Esas personas adineradas, los llamados «macetas», han decidido hacer una arquitectura más presuntuosa, desde su punto de vista personal, y para colmo, consentida por los arquitectos y a ritmo de reguetón, por la insistencia en la repetición y lo poco feliz de la letra.

El resultado final de esta intervención tiene influencia de los estilos barroco, rococó, plateresco… y maceta. A dicha mezcla la pudiéramos definir como «neomaceteresco»: el nuevo estilo arquitectónico de acuerdo con el cual los actuales sectores pudientes decoran interiores y exteriores de sus residencias, haciendo gala en general de un caprichoso mal gusto. Ya su influencia se hace sentir también en ciertos predios estatales.

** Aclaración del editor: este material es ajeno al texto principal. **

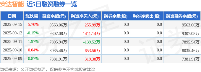 安达智能融资融券信息显示,融资方面,当日融资买入961.86万元,融资偿还705.87万元,融资净买入255.99万元。融券方面,融券卖出0.0股,融券偿还0.0股,融券余量0.0股,融券余额0.0万元。融资融券余额9563.06万元。
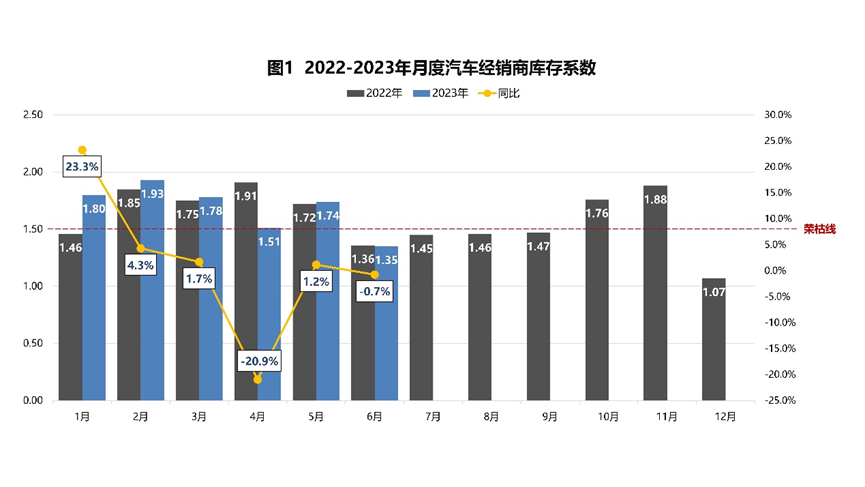 2023年7月10日,中国汽车流通协会发布2023年6月份“汽车经销商库存”调查结果:6月份汽车经销商综合库存系数为1.35,环比下降22.4%,同比下降0.7%,库存水平在警戒线以下。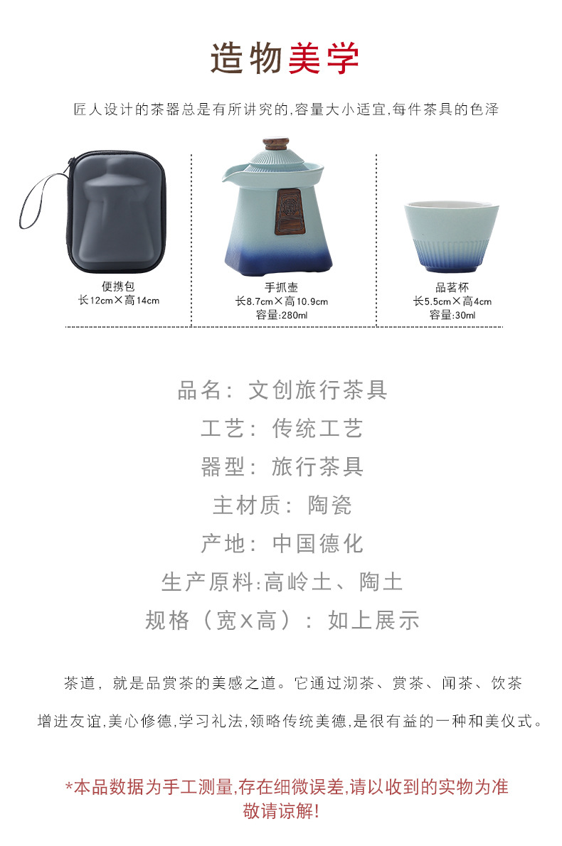 【国潮文创茶具套装,宫廷风设计!】国潮故宫文创 宫廷风旅行茶具小套装 快客杯便携式 户外商务伴手礼品-QQ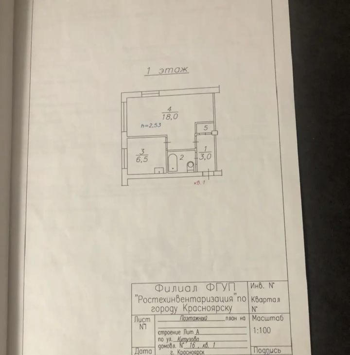 1-к кв. Красноярский край, Красноярск ул. Кутузова, 16 (31.3 м²)
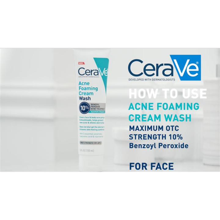 CeraVe Acne Foaming Cream Wash with 10% BPO for Face & Body is CeraVe's first acne-treatment product with maximum OTC strength 10% benzoyl peroxide is developed with dermatologists & clinically tested to clear, treat, and help prevent acne pimples and blackheads on the face and body.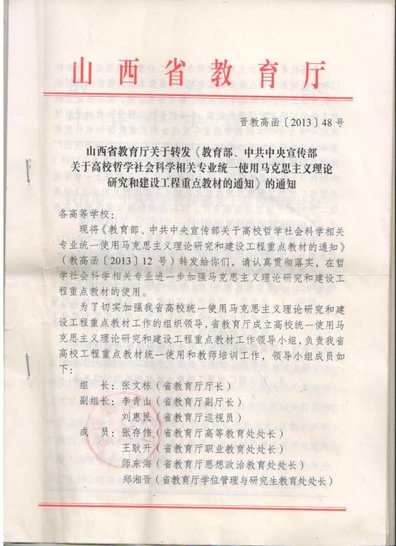 山西省教育厅关于转发《教育部、中共中央宣传部关于高
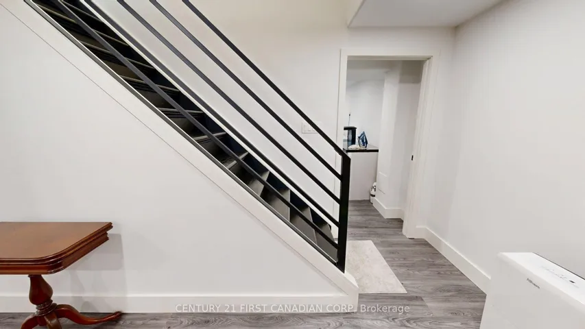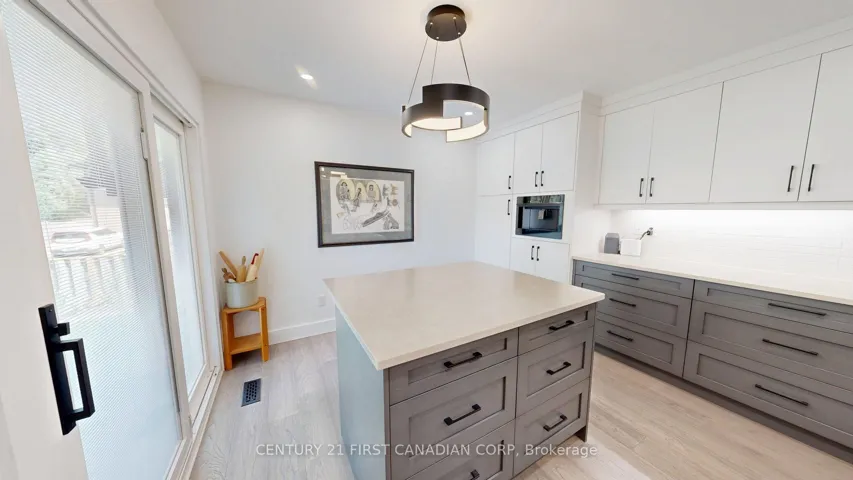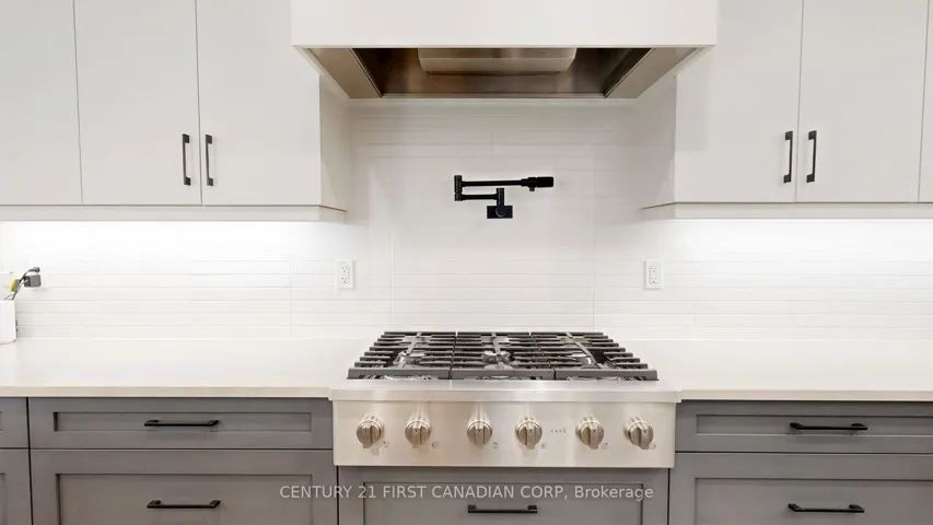 +"PublicRemarks": "Reimagined one-level luxury with thoughtful living in every detail. This fully renovated bungalow-style townhome offers sophisticated design, premium upgrades, and effortless turnkey living. No expense has been spared in this meticulously upgraded home, ideal for those who appreciate quality craftsmanship and refined finishes. The heart of the home is a stunning chef's kitchen featuring GE Café and Bosch 800 Series appliances, gas cooktop with pot filler, convection wall oven and microwave, custom Casey's cabinetry, quartz countertops, under-cabinet lighting, floating shelves, a sleek VENT-A-HOOD, oversized island, and pull-out pantry. Enjoy engineered hardwood flooring, dimmable pot lights, and remote-controlled blinds in the bedrooms. Custom storage continues with glass-paneled sliding closet doors and built-in shelving throughout. The primary suite includes a motion-sensor walk-in closet and 220 wiring for a future stacked washer/dryer. Spa-inspired bathrooms feature quartz vanities, walk-in rain showers, glass enclosures, and bench seating. The finished basement adds valuable living space with a custom steel stair railing, ample storage, and a pre-installed propane line for a future fireplace. Exterior upgrades include a new concrete patio and walkway, manicured gardens, finished single-car garage, patio doors with built-in blinds, and most windows replaced in 2021. Additional highlights: Maytag Commercial washer/dryer, furnace (4 yrs), water heater (5 yrs), updated electrical (basement fully rewired; main floor pigtailed and inspected), loose-lay basement flooring, 5" baseboards, and upgraded doors and hardware throughout. Located in a quiet, well-maintained community-perfect for downsizers, professionals, or anyone seeking a refined, low-maintenance lifestyle. Move in and enjoy. If you know, you know."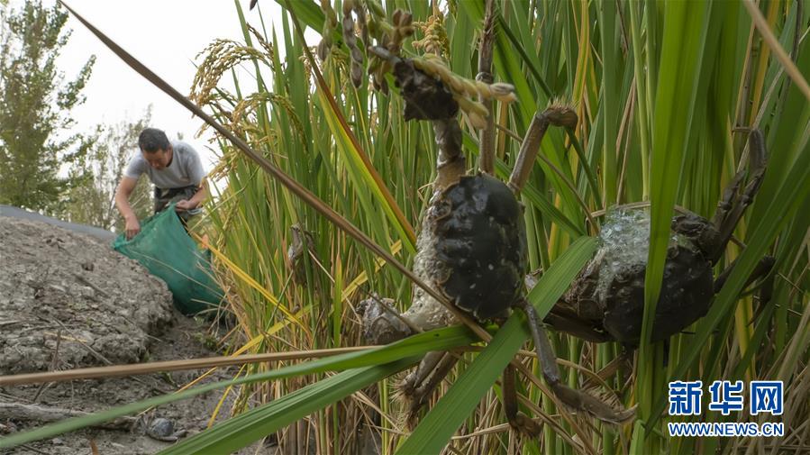 9月22日,河北省唐山市芦台经济开发区海北镇岭头村农民在稻田内收获河蟹。 近年来,河北唐山芦台经济开发区依托农业龙头企业,在发展有机水稻种植的同时,在稻田内养殖河蟹,利用水稻与河蟹的生态关系,减少水稻农业喷洒和河蟹饲料喂食,提高农民经济收益的同时改善生态环境。目前,芦台经济开发区有机稻田养蟹已经发展上万亩,每亩年增收1000余元。 新华社记者 牟宇 摄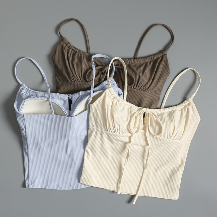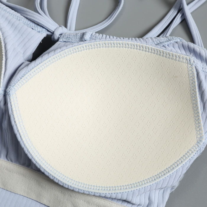 運動背心女夏季美背一體式吊帶抽繩褶皺瑜珈文胸跑步健身bra外穿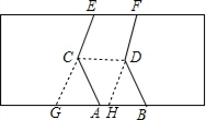 解答 解:如图,由图知CD∥AB,延长EC和FD,即得所求新渠.这时,HG=AB(都等于CD),且CD∥AB,∴四边形CGHD为平行四边形,四边形CABD为平行四边形,∴平行四边形CGHD和平行四边形CABD的高相等,∴平行四边形CGHD和平行四边形CABD的面积相等,∴道路所占面积不变,∴草地的种植面积不变.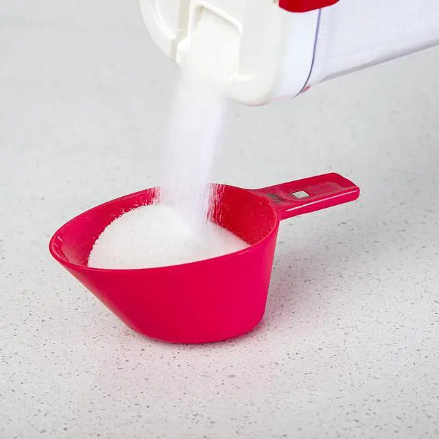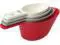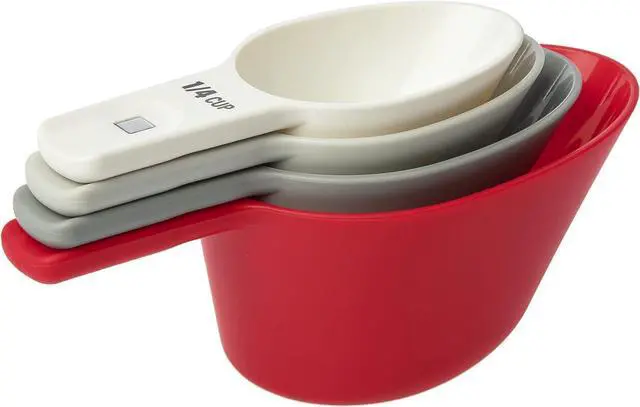 The 4-piece magnetic measuring cups are perfect for kitchen organization and product functionality. The set nests magnetically inside each other for easy storage and tidiness. The set includes 1/4 cup (50 ml), 1/3 cup (80 ml), 1/2 cup (120 ml) and 1 cup (240 ml).

A pesar de vivir en la era del plástico, ciertos cubanos tienen influencia de la cultura aborigen sudamericana. No solo por la reminiscencia del uso de la piedra natural en la decoración de las casas sino también por la costumbre de forrarse de cadenas, exhibir tendederas de argollas en las orejas y lucir en los dedos de pies y manos cualquier diseño intemporal de anillos y sortijas de oro o plata. La calidad del material y cantidad de accesorios está ligada intrínsecamente con el diseño de su vivienda. Por regla general el volumen de avituallamiento personal metálico —incluidas piezas dentales— es directamente proporcional a la variedad empleada por la misma persona en la construcción.

Lo decisivo para ellos al caminar, trabajar, pasear o pararse a la puerta de su casa mejorada, remodelada, puesta cómica, será mostrar su «entrada en billete».

Entonces, cuando usted camine por cualquier lugar de Cuba y vea a un sujeto disfrazado de nuevo jefe aborigen sudamericano, sospechará de inmediato que dicho compatriota vive o trabaja en un lugar caracterizado por su arquitectura neomaceteresca.

 

* En Cuba, persona con mucho dinero, fruto la mayoría de las veces del negocio ilícito o de familiares en el exterior. Son los nuevos ricos, que por lo general gustan de ostentar su solvencia económica.
** En Cuba suele usarse el adjetivo “cómico” con el sentido de moderno, a la moda, muy costoso, sustentado por una buena marca, o que viene del extranjero.

Una respuesta a “EL NUEVO ESTILO ARQUITECTÓNICO DEL MACETA*

  1. buen post este tuyo mi amigo. Tu siempre con lo último.